▸ **Material provided**

----------------

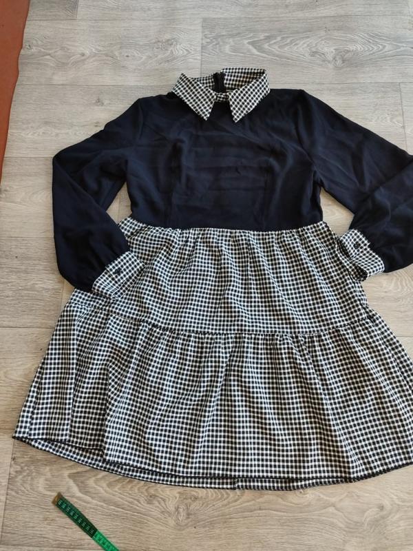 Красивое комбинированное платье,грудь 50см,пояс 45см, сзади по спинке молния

----------------

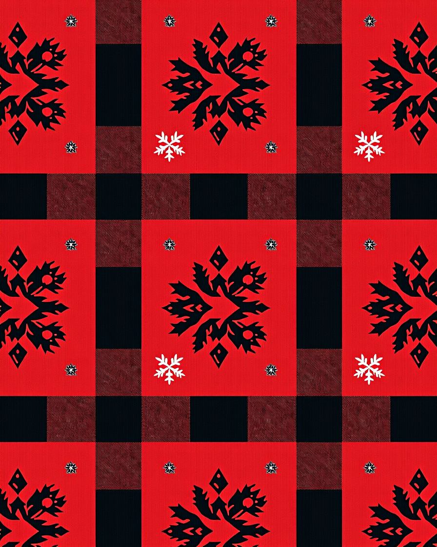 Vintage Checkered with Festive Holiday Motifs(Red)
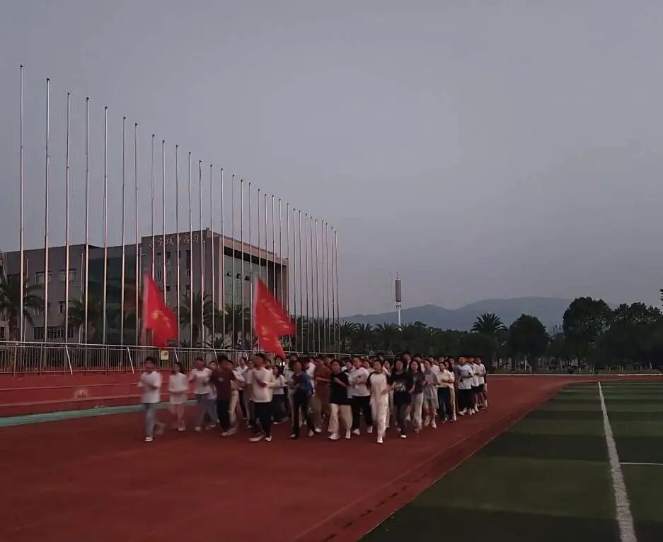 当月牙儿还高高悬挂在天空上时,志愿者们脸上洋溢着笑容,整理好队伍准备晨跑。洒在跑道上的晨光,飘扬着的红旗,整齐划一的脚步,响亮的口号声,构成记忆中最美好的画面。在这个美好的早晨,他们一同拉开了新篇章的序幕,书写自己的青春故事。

----------------

▸ **What you need to do**
Pictures in the entries do not go into the copy. Print only the lines starting at the one containing "Vintage Checkered with" and ending at the one containing "当月牙儿还高高悬挂在天空上时", exactly as they appear.

▸ **Response box**
 Vintage Checkered with Festive Holiday Motifs(Red)
 当月牙儿还高高悬挂在天空上时,志愿者们脸上洋溢着笑容,整理好队伍准备晨跑。洒在跑道上的晨光,飘扬着的红旗,整齐划一的脚步,响亮的口号声,构成记忆中最美好的画面。在这个美好的早晨,他们一同拉开了新篇章的序幕,书写自己的青春故事。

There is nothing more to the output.